Work instructions:
The answer is the exact run of lines in the listing below from the line containing "Wykonane z płyty" up to and including the line containing "Isabella blouse is heeft", with pictures removed.

**** Stored data ****

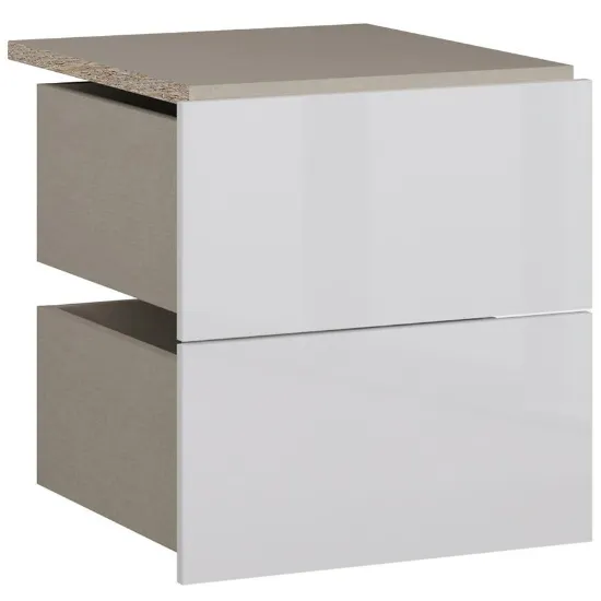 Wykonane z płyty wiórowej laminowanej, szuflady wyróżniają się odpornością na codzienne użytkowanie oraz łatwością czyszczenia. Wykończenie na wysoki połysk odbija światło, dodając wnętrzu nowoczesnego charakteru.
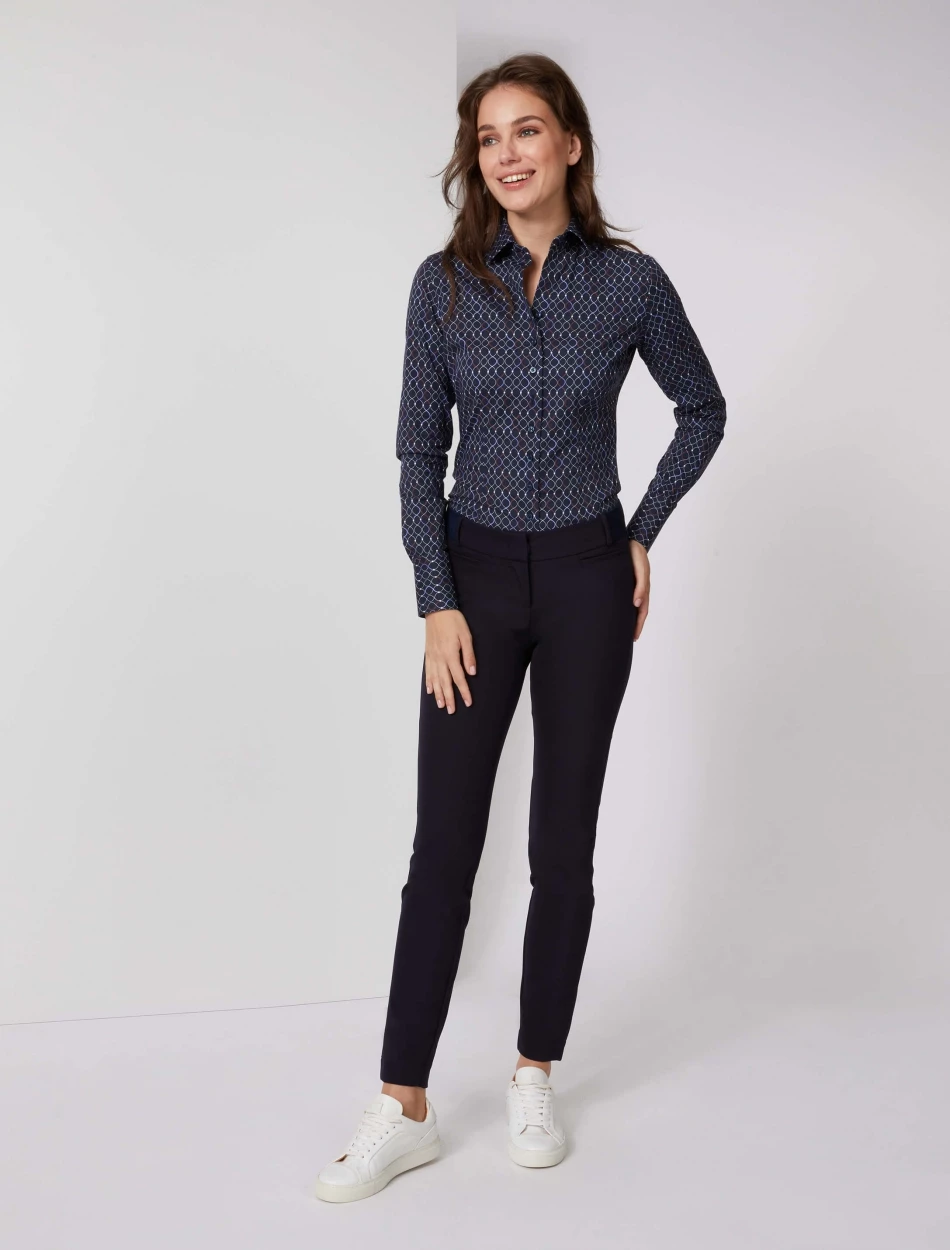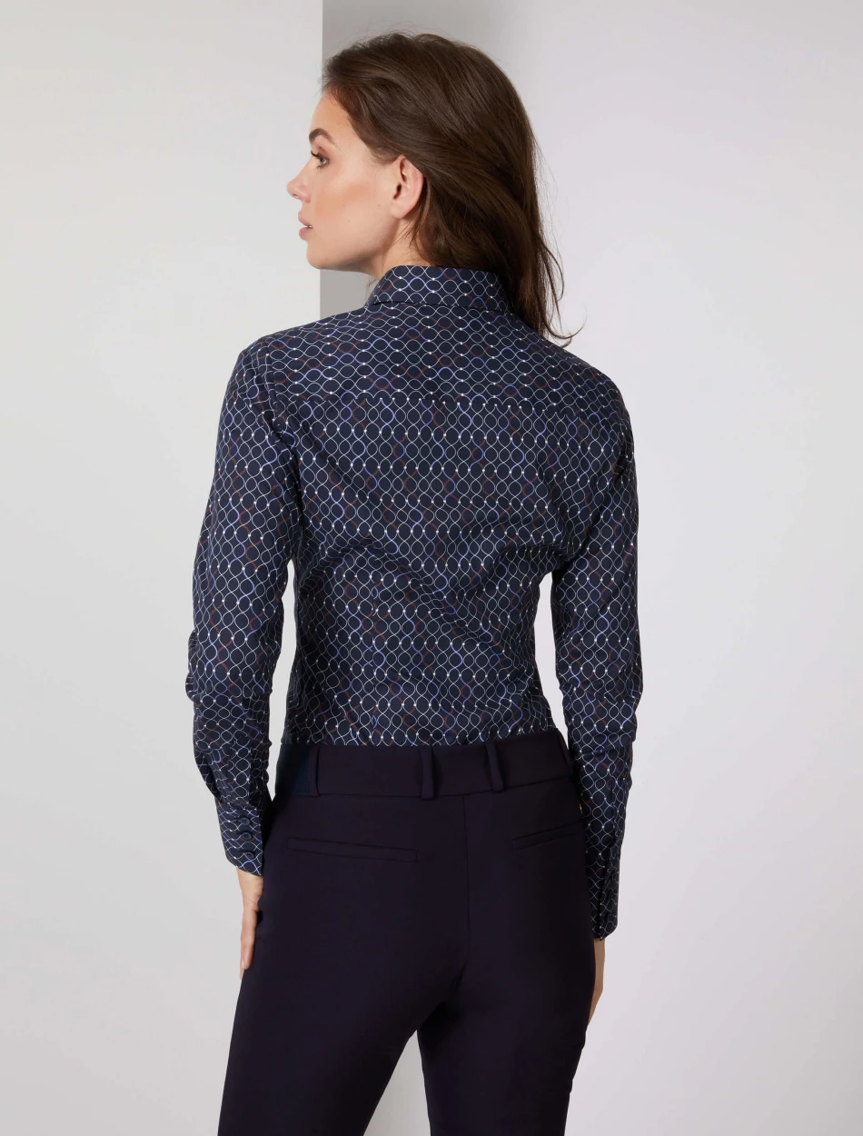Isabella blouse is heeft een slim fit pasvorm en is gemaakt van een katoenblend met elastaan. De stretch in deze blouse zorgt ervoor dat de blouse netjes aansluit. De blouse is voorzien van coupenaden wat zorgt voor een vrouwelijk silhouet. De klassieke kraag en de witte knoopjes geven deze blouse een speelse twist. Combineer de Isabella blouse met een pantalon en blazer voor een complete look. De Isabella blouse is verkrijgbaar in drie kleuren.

****
**** Stored data ****

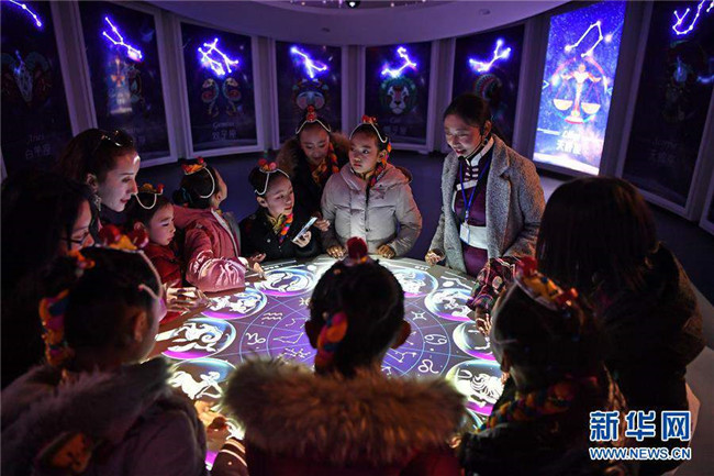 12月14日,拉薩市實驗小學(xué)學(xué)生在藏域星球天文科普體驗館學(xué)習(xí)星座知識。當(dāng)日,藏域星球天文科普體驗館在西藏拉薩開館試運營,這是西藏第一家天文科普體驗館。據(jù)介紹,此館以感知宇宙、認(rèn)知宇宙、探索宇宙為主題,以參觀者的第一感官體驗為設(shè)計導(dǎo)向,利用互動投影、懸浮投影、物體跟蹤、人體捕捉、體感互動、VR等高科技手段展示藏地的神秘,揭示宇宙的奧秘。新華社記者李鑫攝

****
**** Stored data ****

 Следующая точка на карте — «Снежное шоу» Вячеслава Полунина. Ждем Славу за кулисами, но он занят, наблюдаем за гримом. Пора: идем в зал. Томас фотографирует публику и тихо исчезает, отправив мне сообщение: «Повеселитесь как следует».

****

Solution to the exercise:
 Wykonane z płyty wiórowej laminowanej, szuflady wyróżniają się odpornością na codzienne użytkowanie oraz łatwością czyszczenia. Wykończenie na wysoki połysk odbija światło, dodając wnętrzu nowoczesnego charakteru.
Isabella blouse is heeft een slim fit pasvorm en is gemaakt van een katoenblend met elastaan. De stretch in deze blouse zorgt ervoor dat de blouse netjes aansluit. De blouse is voorzien van coupenaden wat zorgt voor een vrouwelijk silhouet. De klassieke kraag en de witte knoopjes geven deze blouse een speelse twist. Combineer de Isabella blouse met een pantalon en blazer voor een complete look. De Isabella blouse is verkrijgbaar in drie kleuren.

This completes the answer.